When we say "2-port", we are making a performance characterization, i.e., we expect both ports to be operable in the same clock.

For this, we need to replace the Reg in mkUpDownSatCounter with an CReg, a different primitive that allows "multiple reads and writes" within a clock.



#### First: specifying the semantics of the two ports

Before we worry about implementations and CRegs, we must first specify the *desired* semantics of the two ports! Specifically:

When both countA and countB are operated in the same clock,

- what should be the final value of the counter?
- what should be the "old" values returned by each method?

In light of the finite precision arithmetic, and the saturating behavior, there is no obvious unique answer! It is a design choice!
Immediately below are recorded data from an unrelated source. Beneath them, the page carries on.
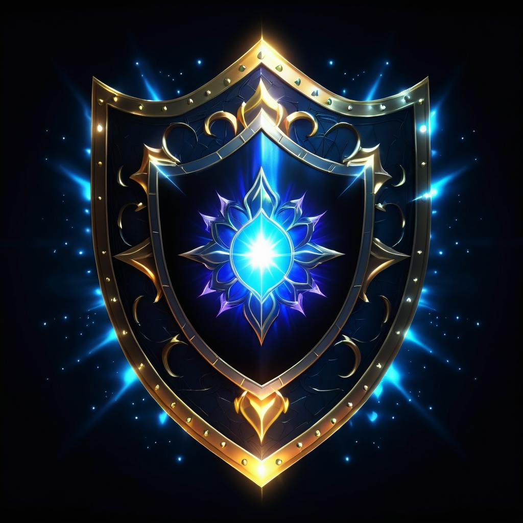 A highly detailed enchanted shield featuring a golden star emblem at its center emitting a bright blue glow. The shield has a dark blue surface with intricate golden borders and rivets. The background is dark with subtle glowing blue and purple effects, enhancing the magical and powerful aura of the shield.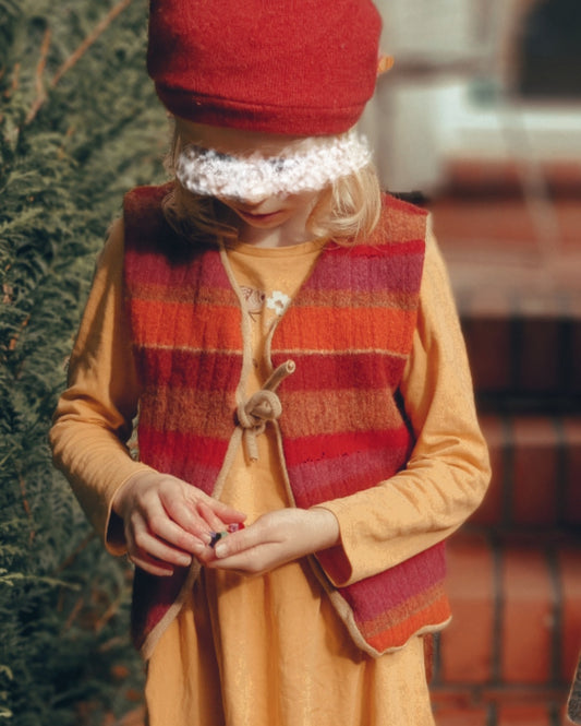 Wende-Weste für Kleinkinder aus Upcycling Wolle und Kaschmir – mitwachsend von Größe 80 bis 116 in Rot gestreift und Beerentönen
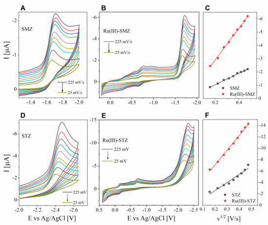 Voltammograms in DMSO registered for (A) SMZ, (B) Ru(III)-SMZ, (D) STZ, (E) Ru(III)-STZ, registered at different values of scan rate (from 25 mV·s−1 to 225 mV·s−1). Plots of reduction current I vs. v1/2 for (C) (■) SMZ (r2 = 0.998) and (●) Ru(III)-SMZ (r2 = 0.999) and (F) (■) STZ (r2 = 0.950) and (●) Ru(III)-STZ (r2 = 0.994).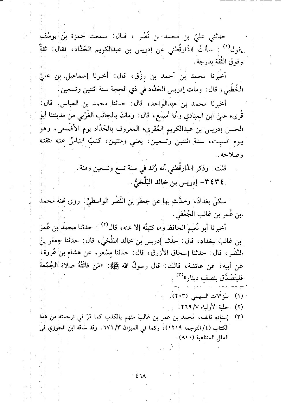 3434 - إدريس بن خالد البلخي سكن بغداد، وحدث بها عن جعفر بن النضر الواسطي، روى عنه محمد بن عمر بن غالب الجعفي

In RTL designs, this is typically where you'll see an ad hoc choice made by the designer

- Which is (hopefully!) implemented correctly
- Which is (hopefully!) documented clearly and fully in English text in the datasheet
- Which may contain usage rules the user of the IP must follow, and which therefore need verification

In BSV, method orderings give us a formal and precise way to specific the semantics. By specifying that we want "countA < countB" or "countA > countB", we give precise answers to the above two semantic questions, because when operated in the same clock, there is a well-defined *logical* ordering that specifies the behavior exactly.

Further, bsc always verifies correct usage because it's in the semantics, not ad hoc English.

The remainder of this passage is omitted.